MMOViper Blade and Soul Bot

Here we go with another short review of what seems to be the first Blade and Soul bot - is it hard to setup? is it worth the price? lets find out!


*How complicated this bot really is?
*
It's the second time I'm using viperbots so I'm not gonna lie, I did had some handicap after using their ESO bot nearly two years ago. I did managed to forget pretty much everything about it since I've been using it for only a couple of days back then, but it did took me much less to set the combat properly this time, and to be precise - about 20 minutes to figure out where everything goes. As a first time user I'd say *you'll spend on your first combat setup (including tweaking it to your liking) at least a couple of hours*. Good news is that this is pretty much the only complicated part, because *making path profiles couldn't be simpler - you click auto add, you run, you stop auto add - viola!* All done. So *as a new user you will most likely have everything set and running within 2h*, and once you get a hold of how combat works - you will also know how to set it for any other of their bots since it's pretty much the same (which is a good thing considering the *$5 / month sub covers all of the bots, not just BNS*).
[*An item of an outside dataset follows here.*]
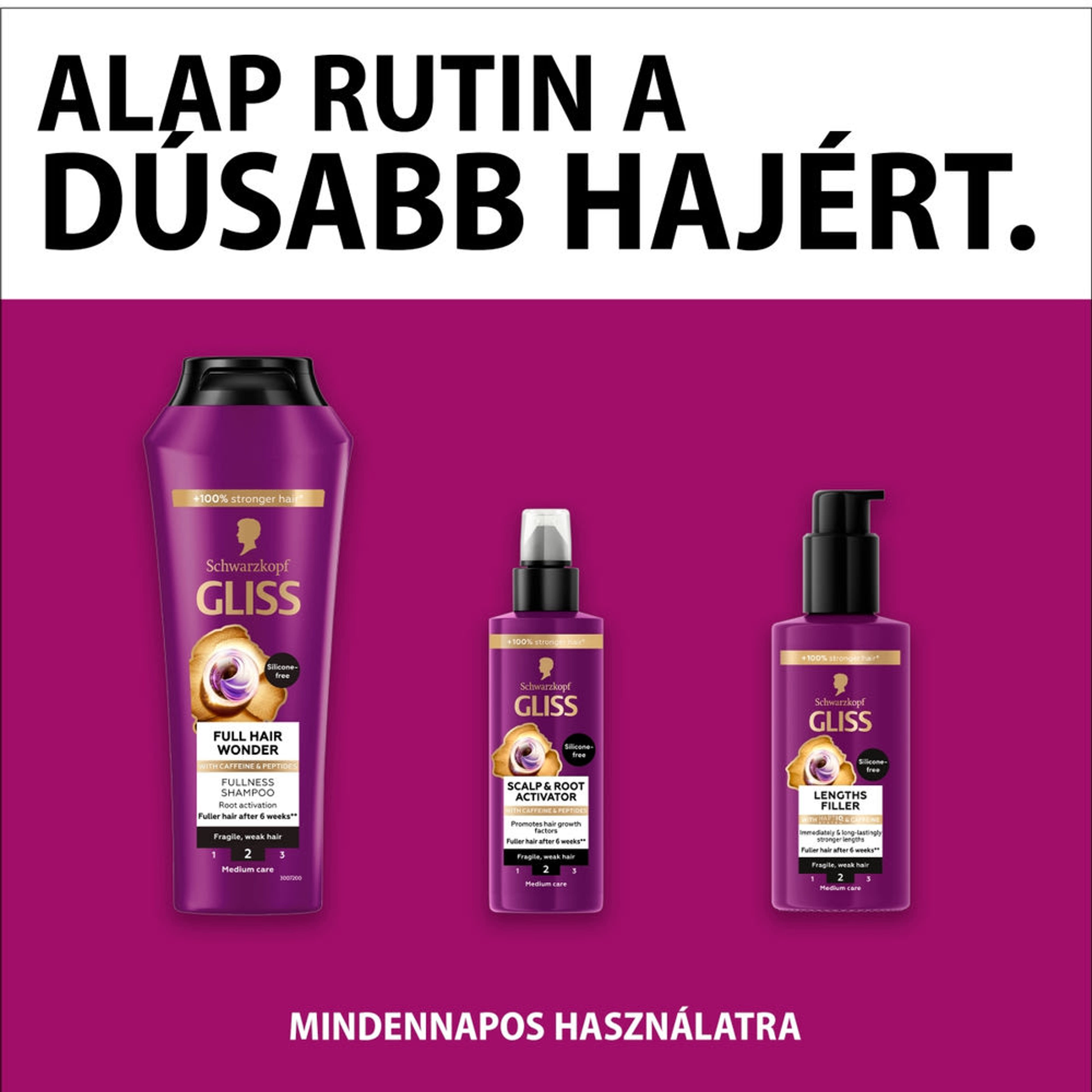 Az új Schwarzkopf GLISS Full Hair Wonder termékcsalád alatt 5 új termék érkezik, teljeskörű hajápolási rutinként. A hajápolók koffeinnel és peptidekkel elengedhetetlen társaid lesznek a dúsabb1 haj eléréséhez ‘For Every You’.

*How well does it actually works?
*

The only right thing to say here is that it works as good or as bad as you make it to work, meaning that with all the customization (especially for combat) that you have you can make it fight on a very good level as long as you take the time to tweak everything right.* 20 minutes combat setup for me was more than enough to grind mobs at 6-7 lvl while being lvl 6* without any issues (well aside of me forgetting to get the char some potions  :Stick Out Tongue: ). The only thing I found missing was that it doesn't seem to support dodging, which in this particular game can save you from taking good portion of damage, but then again - not many bots do that.

It's also worth to mention that both paths and combat profiles can be exported, meaning there's already *plenty of user-made combat profiles available for download on their forums* even despite the fact the bot is barely few days old (a very good news for people as lazy as me ^ ^)
*BackGround mode
*
Short - yes
Longer - It got a very well working background mode, I was able to use my PC freely while botting, the only problem I found was a yellow text informing me about bot status that was at the top at all times, but it didin't bothered me enough to find out if I can disable it.



*Customer support
*
I did not needed to use customer support for this particular bot, however after doing some research / digging through their forum it seemed to be on a very good level - bot author was replying to a lot of the threads, asking users to submit requests and ideas for improvement while keeping it very cheerful and polite - I got to say I was actually pretty impressed (might be partially because I've had a really bad experience with customer support for previous bot I was reviewing  :Stick Out Tongue: )


*Pros & Cons
*
*Pros:
*
-Extremely easy and fast in use path recorder, making your own path takes less than downloading any pre-made ones
-A lot of advanced options for tweaking combat to your liking
-Nice customer support
-Background mode

*
Cons:
*
-Fairly hard to setup combat
-Lack of dodging




*To buy or not to buy?
**
*Bot definitely does it's job so considering you get 10+ bots for many different games for $5 / months I'd say definitely worth it. I'm not a fan of sub-based purchases, but at this price it's still a very nice deal, even if you're going to bot only one of the games. 


*
*

----------


## viperbot

Arg I cant edit the post anymore to add features.. so you all are going t have to dig through the pages to find whats new. Sorry. I'm talking to the admin to try and fix.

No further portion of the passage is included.